▸ EXERCISE AIM
Omit the images and output every line of the data below exactly.

▸ SUPPLIED DATA
━━━━━━━━━━━━━━━━━━━━
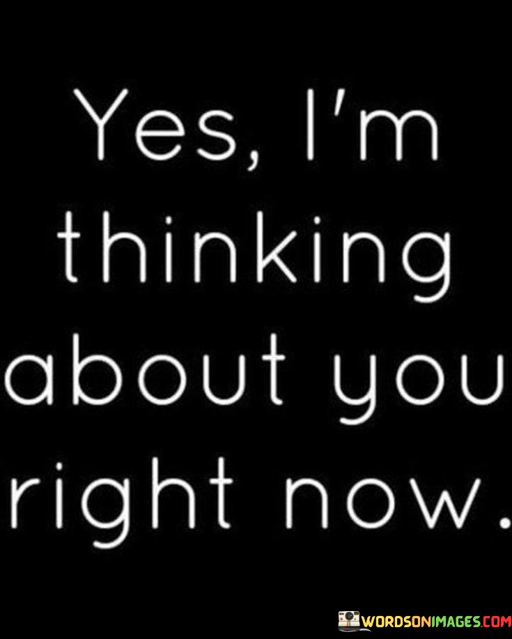 The quote "Yes, I'm thinking about you right now" is a straightforward declaration of someone's current thoughts and feelings towards another person. It expresses a sense of connection and interest in the person being addressed. This statement conveys that at this very moment, the speaker's mind is occupied by thoughts of the individual they are addressing.
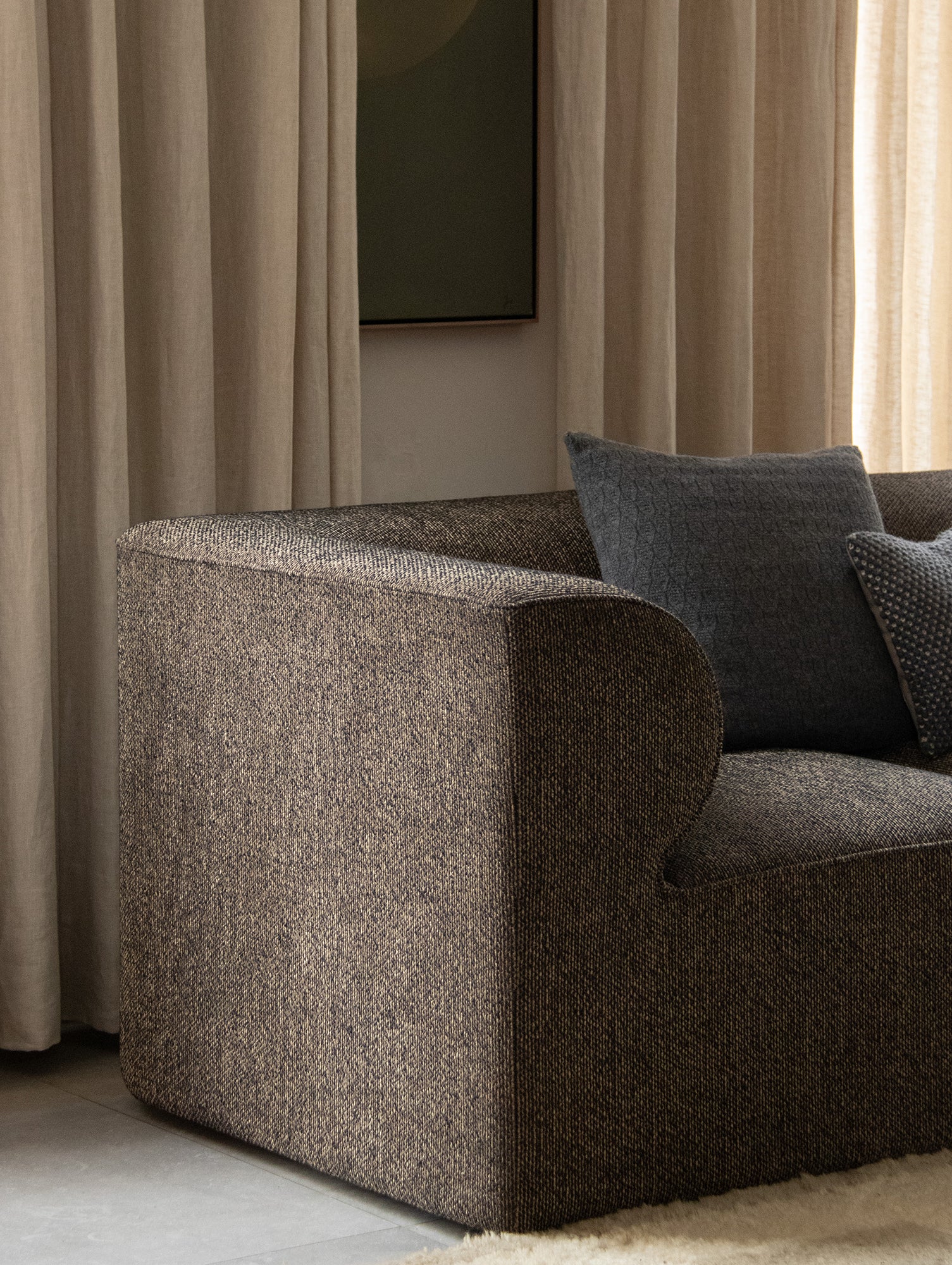 Designed by Norm Architects for Audo Copenhagen, the Eave Modular Sofa is a stylish functional sofa with the flexibility of a modular system. Its modular construction allows you to create any sofa shape or size to fit the exact requirements of your space. Taking its name from 'eaves' - the lower edges of the roof that overhang a wall, the sofa's distinctively bold design highlights its dynamic yet elegant form. A solid pine wood, plywood and MDF frame encase a sprung platform layered with a double HR foam layer with no-sag springs. A robust frame enhances the sofa's durability while a high-density dual-layered foam provides a firmer seat and more bounce back.
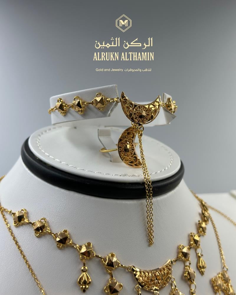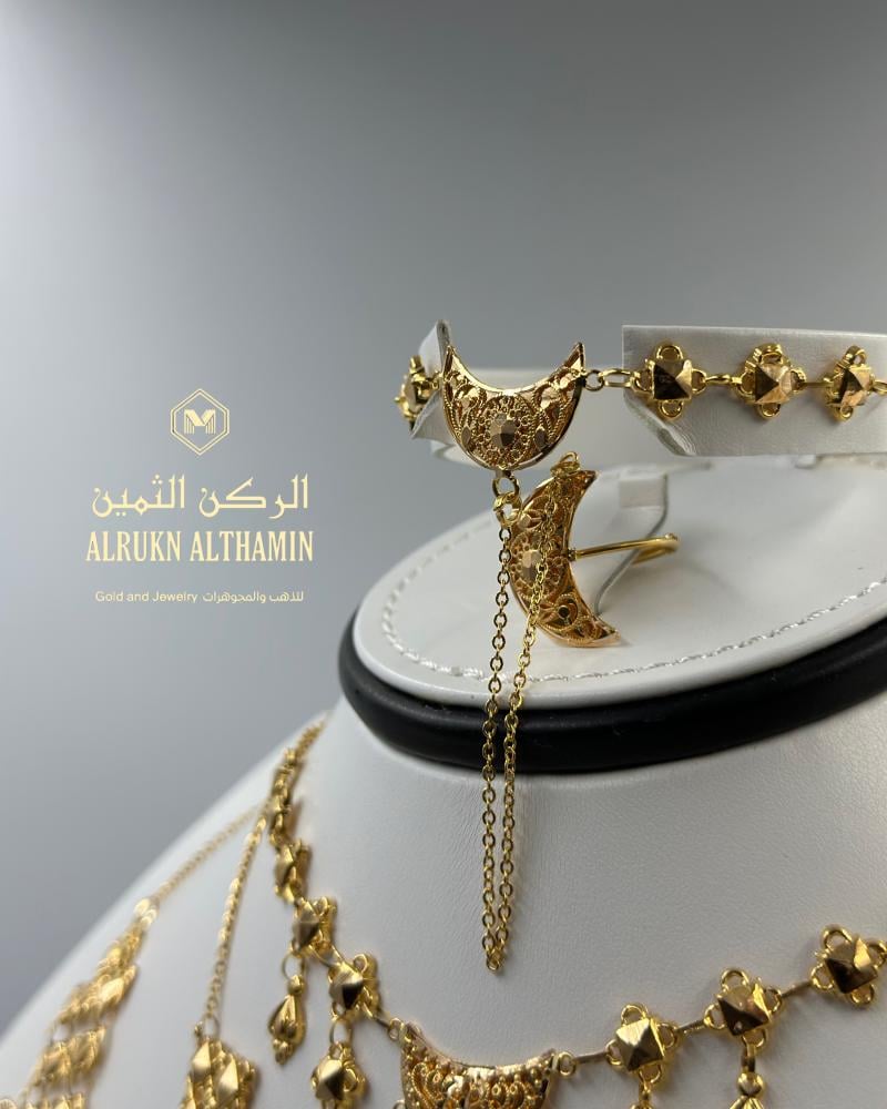 تألقي بإطلالة ملكية لا مثيل لها مع طقم ذهب ملكي عيار 21، المصمم بعناية ليجمع بين الفخامة الكلاسيكية واللمسة العصرية الراقية. يتميز الطقم بتفاصيله الدقيقة ونقوشه الفاخرة التي تعكس الذوق الرفيع، كما يُصاغ من ذهب نقي بعيار 21 ليمنحك لمعانًا أخّاذًا يدوم.
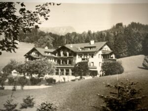 Another local hotel with Third Reich connections was the Hotel Geiger, located up the street from the Berchtesgadener Hof. The hotel was used as a rest and recreation center for Luftwaffe officers during the war, and as area headquarters for Luftwaffe Gen. Karl Koller in May 1945. It briefly served as regimental headquarters for the 506th Parachute Infantry Regiment of the U.S. 101st Airborne Division after the taking of Berchtesgaden in May 1945, and was also used as a U.S. Army facility for a period after the war, but has now (until 2018) stood vacant for several years. The interior still had several period rustic paintings of mountain scenes, such as those on the bar seen here. Over years of abandonment and neglect, most of the interior decorations (including those shown here) were plundered. Demolition of the ruined and plundered Hotel Geiger was completed in December 2018.
━━━━━━━━━━━━━━━━━━━━
▸ SOLUTION
 The quote "Yes, I'm thinking about you right now" is a straightforward declaration of someone's current thoughts and feelings towards another person. It expresses a sense of connection and interest in the person being addressed. This statement conveys that at this very moment, the speaker's mind is occupied by thoughts of the individual they are addressing.
 Designed by Norm Architects for Audo Copenhagen, the Eave Modular Sofa is a stylish functional sofa with the flexibility of a modular system. Its modular construction allows you to create any sofa shape or size to fit the exact requirements of your space. Taking its name from 'eaves' - the lower edges of the roof that overhang a wall, the sofa's distinctively bold design highlights its dynamic yet elegant form. A solid pine wood, plywood and MDF frame encase a sprung platform layered with a double HR foam layer with no-sag springs. A robust frame enhances the sofa's durability while a high-density dual-layered foam provides a firmer seat and more bounce back.
 تألقي بإطلالة ملكية لا مثيل لها مع طقم ذهب ملكي عيار 21، المصمم بعناية ليجمع بين الفخامة الكلاسيكية واللمسة العصرية الراقية. يتميز الطقم بتفاصيله الدقيقة ونقوشه الفاخرة التي تعكس الذوق الرفيع، كما يُصاغ من ذهب نقي بعيار 21 ليمنحك لمعانًا أخّاذًا يدوم.
 Another local hotel with Third Reich connections was the Hotel Geiger, located up the street from the Berchtesgadener Hof. The hotel was used as a rest and recreation center for Luftwaffe officers during the war, and as area headquarters for Luftwaffe Gen. Karl Koller in May 1945. It briefly served as regimental headquarters for the 506th Parachute Infantry Regiment of the U.S. 101st Airborne Division after the taking of Berchtesgaden in May 1945, and was also used as a U.S. Army facility for a period after the war, but has now (until 2018) stood vacant for several years. The interior still had several period rustic paintings of mountain scenes, such as those on the bar seen here. Over years of abandonment and neglect, most of the interior decorations (including those shown here) were plundered. Demolition of the ruined and plundered Hotel Geiger was completed in December 2018.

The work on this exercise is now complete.